• GIVEN DATA:

****

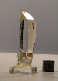 | В зависимости от условий роста, кристаллы кварца могут приобретать различный облик. На форму кристалла влияют такие факторы, как скорость изменения температуры, состава среды, характер поступления питающего материала и пр. На фото бесцветный прозрачный длиннопризматический кристалл кварца - горного хрусталя. Этот образец из дореволюционных поступлений, добыт во Франции, это настоящий горный хрусталь – бесцветный, идеально прозрачный кварц. Название «горный хрусталь» ввел в употребление древнегреческий ученый Теофраст. Происходит оно от греческого «кристаллос» - лед. «Лед, спрессованный временем и давлением ледников» - такого мнения о происхождении горного хрусталя придерживались великие умы античного мира: Плутарх, Аристотель, Плиний Старший, и лишь в XVII веке знаменитый английский физик Роберт Бойль окончательно и четко определил горный хрусталь как минерал. Античные жрецы с помощью линз из этого минерала зажигали ритуальный огонь, а лекари прижигали раны. Любопытны мифологические и религиозные представления о происхождении горного хрусталя в разных точках земного шара – японцы считали этот камень замерзшим дыханием дракона, в зороастризме небо сделано из горного хрусталя. |
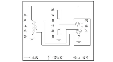 在线测量时电压信号输入端接到与被测避雷器位于同相PT的二次测,电流信号输入端接到避雷器的计数器上端,仪器的接地端接至计数器的下端并与地相联。
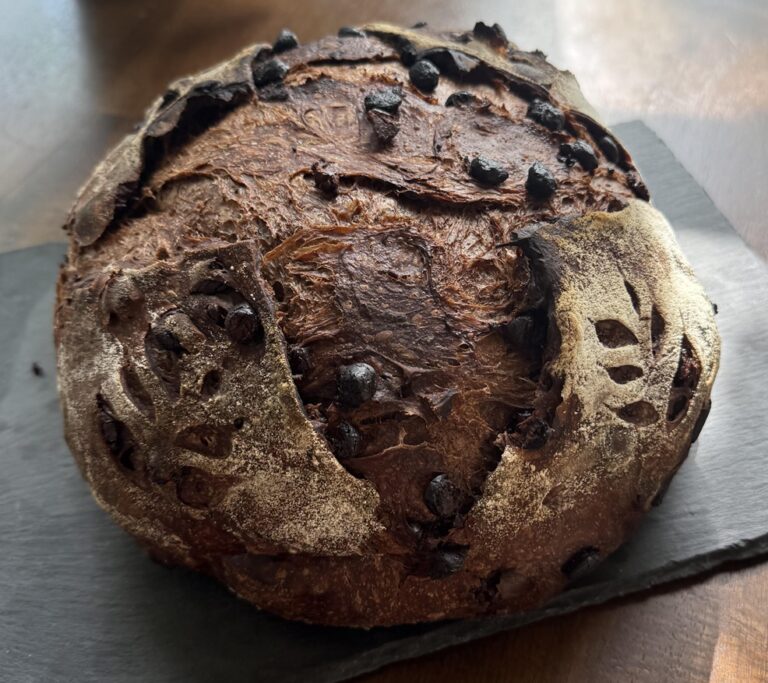 A rich cocoa-forward sourdough loaf loaded with chocolate chips. Soft, fragrant and not too sweet. Makes any day a special occasion.

****

• WHAT YOU SHOULD DO: Could you transcribe exactly the lines running from the one with "在线测量时电压信号输入端接到" to the final line of the material above, both included, with no pictures?

• SOLVED EXERCISE:
 在线测量时电压信号输入端接到与被测避雷器位于同相PT的二次测,电流信号输入端接到避雷器的计数器上端,仪器的接地端接至计数器的下端并与地相联。
 A rich cocoa-forward sourdough loaf loaded with chocolate chips. Soft, fragrant and not too sweet. Makes any day a special occasion.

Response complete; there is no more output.